Я встречалась с Маркусом МакКриди, который стал тайным центром моего мира. Ему исполнилось восемнадцать, и по-хорошему то, что мы делали, было противозаконно. Я посмотрела в словаре слово «растление», но ничего полезного не нашла. Он меня звал «малолетка», и губы его были сладкие от ликерного виски и имбирного эля. «И кто вообще установил возраст согласия?» – спрашивала я, понимая, что ответ узнать невозможно, да и бесполезно. Если я чему и научилась у родителей, так это тому, что законодатели ничего не понимают в отношениях между мужчинами и женщинами.
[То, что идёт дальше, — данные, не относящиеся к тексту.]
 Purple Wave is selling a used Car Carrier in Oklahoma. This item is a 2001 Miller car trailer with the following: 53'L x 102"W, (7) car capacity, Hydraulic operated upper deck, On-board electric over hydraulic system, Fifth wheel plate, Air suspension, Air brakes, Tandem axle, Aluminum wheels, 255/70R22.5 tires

Мне казалось, что в Маркусе нельзя было что-то не любить: красивый, иногда немножко задиристый, но я знала, что это лишь напоказ, позерство. Бандитская походка, высокомерно поднятый подбородок – все это должно было спрятать его неловкость из-за того, что он на год старше одноклассников. Маркус пошел в школу на год позже остальных, потому что в детстве переболел коклюшем, к тому же его день рождения приходился на начало школьного года. Поэтому он был немного старше, но ничуть не глупее. Просто родился в неудачное время, а такое может случиться с кем угодно.
Семья МакКриди была хорошая. Его мама вела музыку у начальных классов, папа был бухгалтером и занимался налогообложением. Маркус-старший проверял бухгалтерию моего отца. Я узнала это совершенно случайно, и вся затрепетала от близости к настоящей жизни Джеймса. Когда родители Маркуса устроили церемонию, на которой повторно принесли друг другу брачные клятвы в Центре искусств «Калланвольде», отец был у них водителем и сделал скидку. Маркус-старший зовет его Джимом.
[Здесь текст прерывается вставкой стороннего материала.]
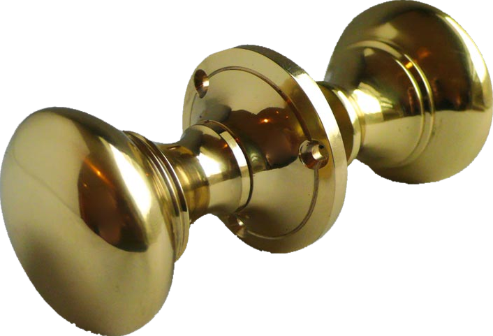 This quality rim lock knob set features a lacquered polished brass finish with mushroom shaped knobs with a 50mm diameter and a rose with a 54mm.
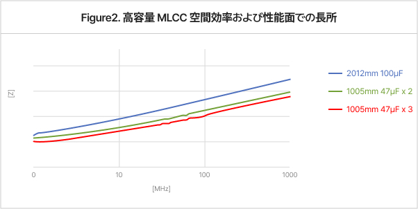 ▷ 下記 [Figure 2] のように 2012mm, 100㎌ MLCC 1 個の実装面積に 1005mm, 47㎌ (CL05X476MS8N9W#) MLCC を 3 個適用した場合、実装面積が減少すると同時に ESL 特性も改善されます。
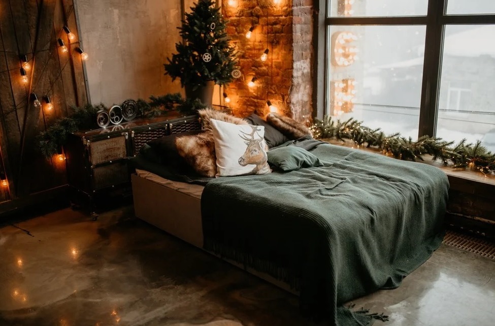 Обычно спальня находится дальше других комнат от входа и ее видит гораздо меньшее количество людей, но ее оформление – первое, что вы видите, открыв глаза утром. Поэтому к украшению спальни к Новому году нужно подойти ответственно. К тому же, это несложно, а помпезность здесь не нужна. Достаточно «переодеть» кровать под новогодний лад, повесить гирлянду и расставить по комнате хвойные веточки в вазочках, которые обеспечат не только приятный вид, но и будут источать новогодний аромат.
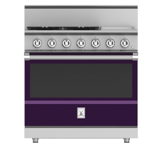 The 36” all gas range delivers searing culinary power with a sealed burner system delivering exceptional temperature control for culinary power up to 23,000 BTUs and as low as 500 BTUs. The 12” commercial-grade stainless steel gas griddle makes breakfast a cinch with superior heating and a thermostat for precise temperature control. The high-performance oven features exclusive PureVection™ technology, which electronically controls multiple heating convection systems, to optimize baking, broiling, roasting and convection baking.Read More
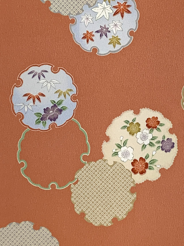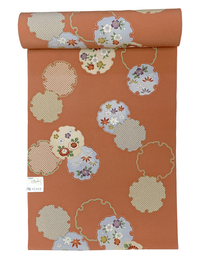 【アウトレット 美品】 反物 小紋 生地反物 東レ シルック ポリエステル 未仕立て ポリエステル 綸子【テラコッタ系、雪輪】[KMN-R0047]
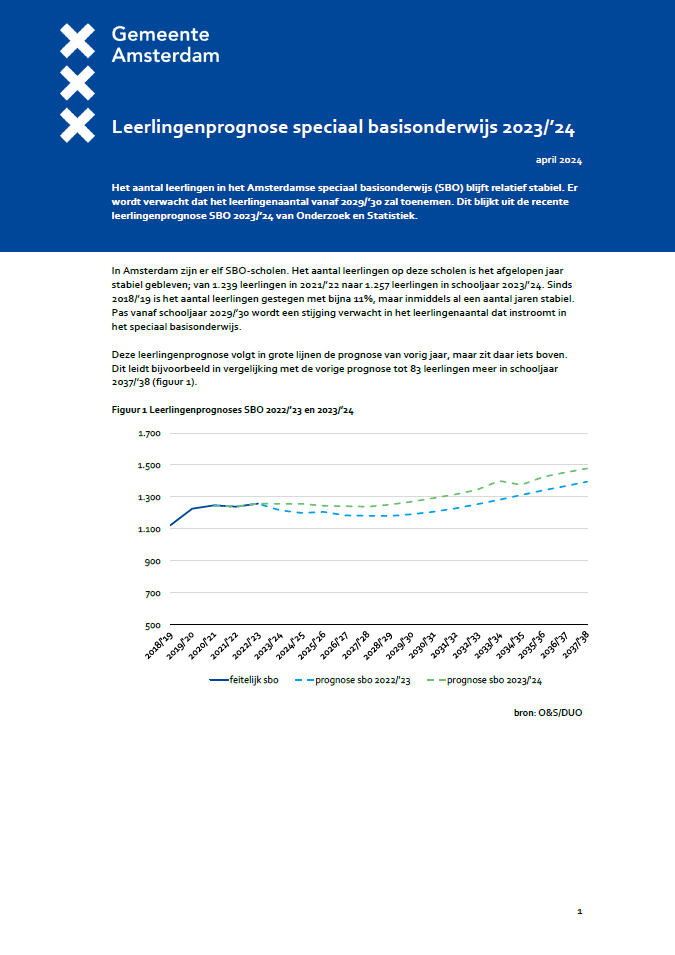 In Amsterdam zijn er 11 SBO-scholen. Het aantal leerlingen op deze scholen is het afgelopen jaar stabiel gebleven; van 1.239 leerlingen in 2021/’22 naar 1.257 leerlingen in schooljaar 2023/’24. Sinds 2018/’19 is het aantal leerlingen gestegen met bijna 11 procent, maar inmiddels al een aantal jaren stabiel. Pas vanaf schooljaar 2029/’30 wordt een stijging verwacht in het leerlingenaantal dat instroomt in het speciaal basisonderwijs.

Мы все делали тайком. Когда я проходила мимо него по школьному коридору, он отводил взгляд. Через месяц я научилась первой смотреть в сторону. Ему не хотелось меня обидеть, просто за год до этого, учась в частной Вудвордской академии, он крупно вляпался, так что ему нельзя было встречаться с девчонками младше себя. Я легко вжилась в роль непризнанной подружки. Когда ты и так ведешь тайную жизнь, спрятать внутри тайны еще одну не составляет труда. Я даже изменила внешность, чтобы усилить эффект вдвойне двойной жизни: начала укладывать волосы в два пучка над ушами на манер принцессы Леи и перестала пользоваться подводкой для глаз. Потом попросила маму купить черно-белые ботинки вроде тех, что носила Оливия Ньютон-Джон в фильме «Бриолин», но их сняли с производства. Пришлось обойтись своими мокасинами. Я надевала под них белые носки и восхищалась своими целомудренными голенями.
– Что с тобой случилось? – спросила мама. – Ничего нет плохого в том, чтобы немного накраситься и приодеться. Или у тебя просто такой период?
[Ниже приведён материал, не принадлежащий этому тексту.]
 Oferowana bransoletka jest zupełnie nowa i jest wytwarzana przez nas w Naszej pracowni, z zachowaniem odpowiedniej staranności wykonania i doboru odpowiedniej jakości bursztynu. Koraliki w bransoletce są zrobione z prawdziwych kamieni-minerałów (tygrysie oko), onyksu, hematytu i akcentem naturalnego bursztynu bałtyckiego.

Она взяла меня за плечи и попыталась прочитать ответы на лице. У нас была договоренность рассказывать друг другу все. Мама коснулась моего лба, потом ушей.
– Где сережки?
– В шкатулке с украшениями, – ответила я.
– Ты перестала их носить, – грустно заметила мама.
Но это не так: я надевала их на свидания с Маркусом.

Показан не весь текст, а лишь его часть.